▶ _Work request_
For the entries that follow, restate word for word the line containing "This lightweight oversized", the line containing "列举戴震和笛卡儿的事例,从正面 阐述学问家做学问的态度。", and every line that lies between them.

▶ _Material shown_
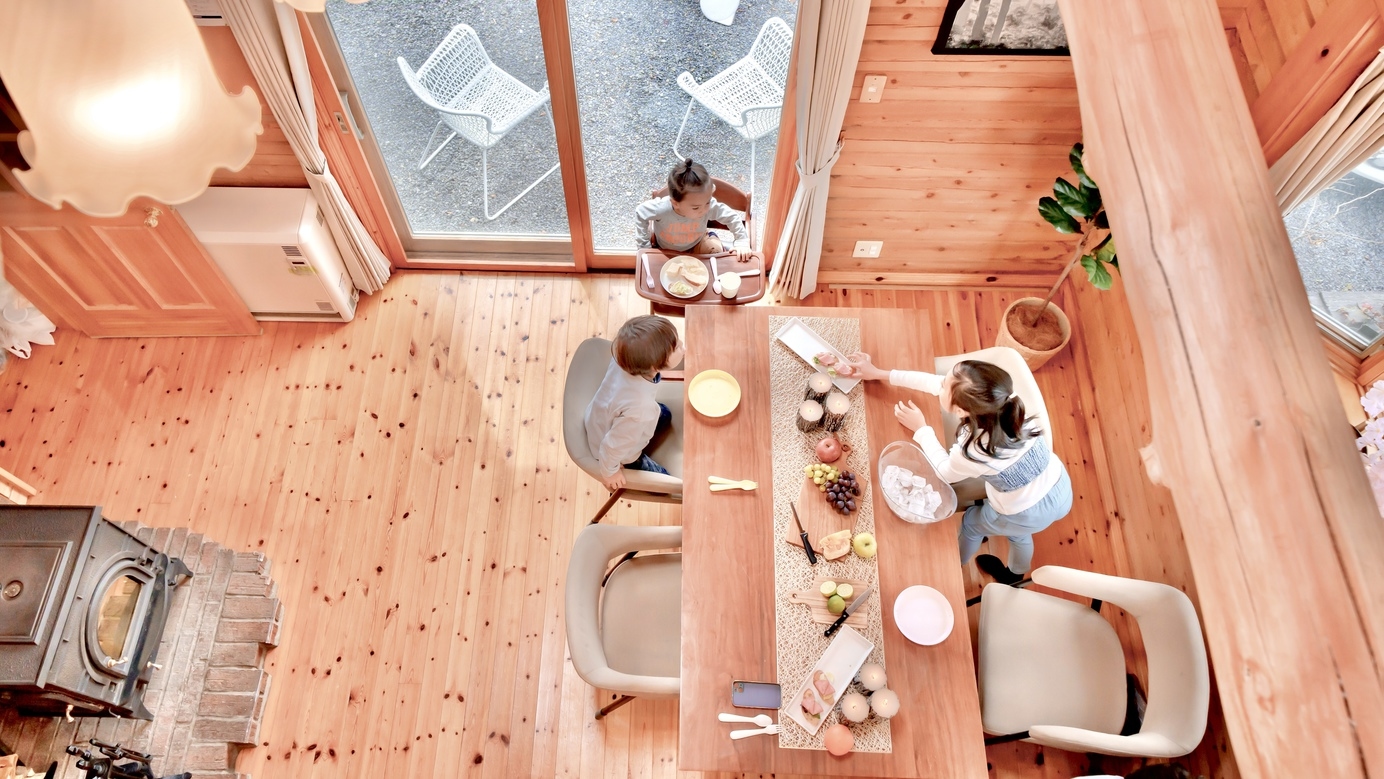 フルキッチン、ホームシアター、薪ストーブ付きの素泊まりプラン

* * *

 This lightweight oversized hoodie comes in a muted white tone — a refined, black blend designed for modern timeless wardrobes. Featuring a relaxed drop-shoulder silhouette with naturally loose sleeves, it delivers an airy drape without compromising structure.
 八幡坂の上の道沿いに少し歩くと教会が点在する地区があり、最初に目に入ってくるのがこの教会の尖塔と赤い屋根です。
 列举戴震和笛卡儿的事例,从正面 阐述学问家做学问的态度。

▶ _Result of this task_
 This lightweight oversized hoodie comes in a muted white tone — a refined, black blend designed for modern timeless wardrobes. Featuring a relaxed drop-shoulder silhouette with naturally loose sleeves, it delivers an airy drape without compromising structure.
 八幡坂の上の道沿いに少し歩くと教会が点在する地区があり、最初に目に入ってくるのがこの教会の尖塔と赤い屋根です。
 列举戴震和笛卡儿的事例,从正面 阐述学问家做学问的态度。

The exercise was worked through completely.